At a glance.
- French policy toward Huawei amounts to a "de facto" ban by 2028.
- US will entertain requests for waivers to the requirement that Huawei be excluded from Federal networks by August 13th.
- North Korea's multiplatform attack framework.
- China's cyberoperations against Hong Kong and India.
- Parliament’s Intelligence and Security Committee arouses legislative concerns with its report on Russian cyber operations.
French policy toward Huawei seems less permissive than it had been generally thought to be...
France had earlier this year announced that it intended to permit Huawei equipment into non-critical portions of its telecommunications infrastructure, and that policy was widely seen as a win for Huawei, which appeared to have successfully got the French government over an economic barrel with Huawei's low-cost, good-enough solutions. But not so fast. Reuters reports that this apparently permissive decision in fact amounted to a policy of eliminating Huawei from French infrastructure by 2028, which, while giving Shenzhen a somewhat longer runway than it was allowed by a recent UK decision, amounts to the closing of another major market.
...and US policy might be slightly more flexible.
In the US, August 13th is the deadline by which all Federal agencies and their contractors must have expunged Huawei equipment from their networks and systems. But FCW reports that waivers may be granted at the discretion of the Office of the Director of National Intelligence, but only for good and serious reasons. And any waivers that may be granted won't be permanent: they'll only last for a maximum of two years. Waivers may apparently be submitted up to the August 13th deadline.
North Korean attack framework and the target list associated with it.
Kaspersky researchers have outlined some of North Korea’s evolving cyberattack tools, specifically a multi-platform malware framework the researchers call “MATA.” It includes such components as loaders, orchestrators, and various plug-ins, and it’s capable of hitting Windows, Linux and macOS operating systems. The victims have been for the most part software and IT companies located in Poland, Germany, Turkey, South Korea, Japan and India.
The framework isn’t entirely new, having emerged over the past two years, but it has shown itself to be readily adaptable to changing conditions surrounding its target sets.
Recent targets of Chinese government cyberattacks.
Security firm Malwarebytes presents evidence that a Chinese APT is indeed responsible for deploying MgBot malware against targets in India and Hong Kong. Beijing’s beef with both places is clear. It’s in the process of re-engorging the formerly semi-autonomous city of Hong Kong, and doing so requires the identification, monitoring, and suppression of dissent. And, while much recent news has focused on bilateral tensions between China and the US, China’s relations with India are if anything arguably worse.

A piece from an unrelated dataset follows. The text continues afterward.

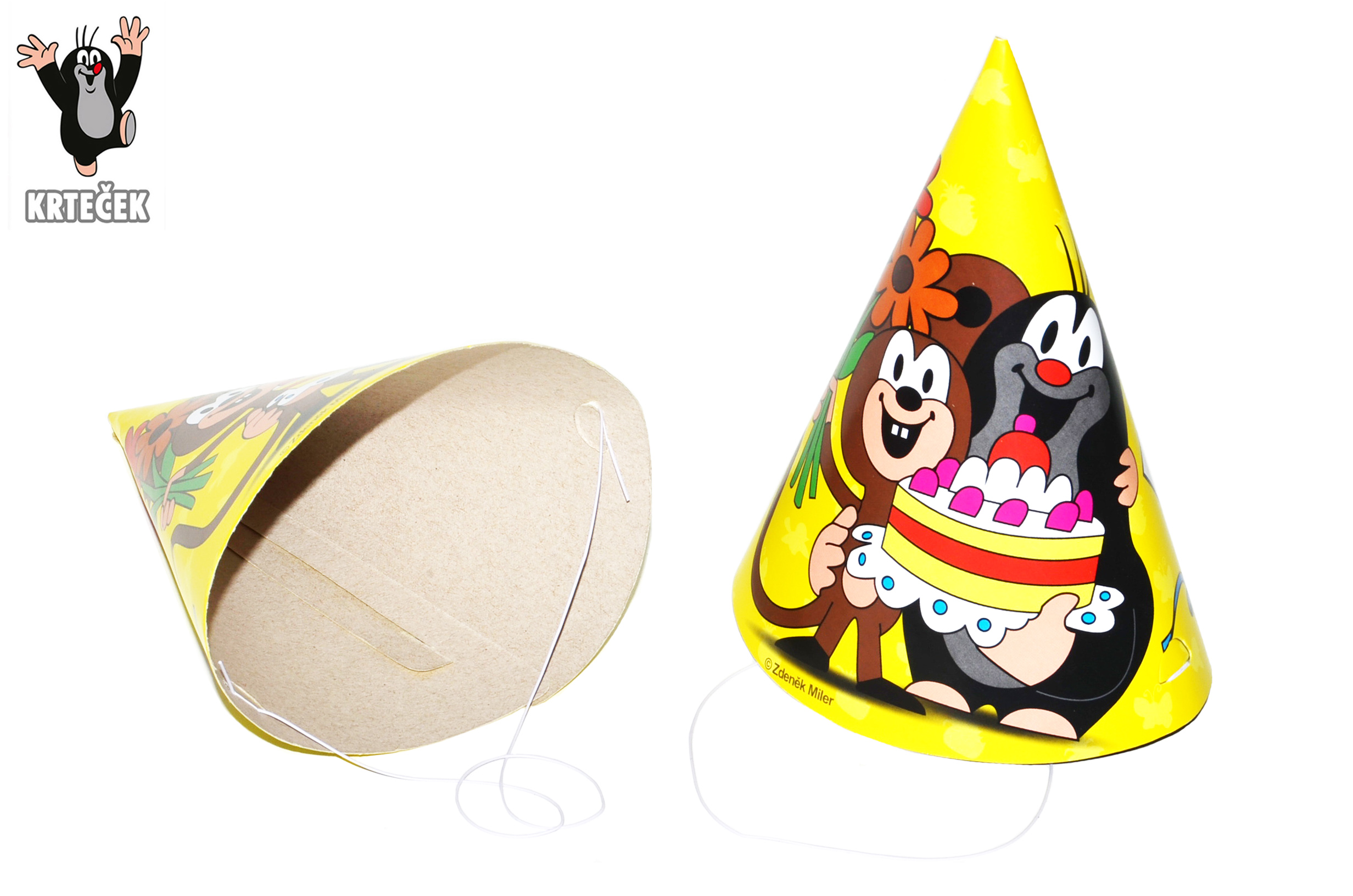 Párty dekorace s motivem Krtečka a jeho kamarádů. Papírová čepička s Krtečkem udělá na každé párty velkou parádu. 15cm, 6 ks.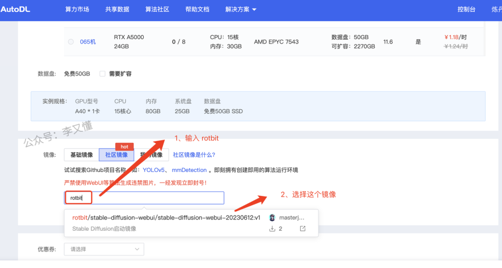 选定了A5000之后,点击右下角的立即创建,就会自动跳转到一下的页面,然后我们需要点击社区镜像

Pre-summer break fireworks in the House of Commons over its Russia report.
As Parliament met for the final time before its summer break, ABC News reports that MPs argued over whether Her Majesty's Government had done enough to counter the threat of Russian hacking outlined in the report Parliament’s Intelligence and Security Committee just rendered. The findings themselves do not appear to be controversial. Rather, the furor was over whether the Government has been taking proper steps to protect the UK against the Russian threat.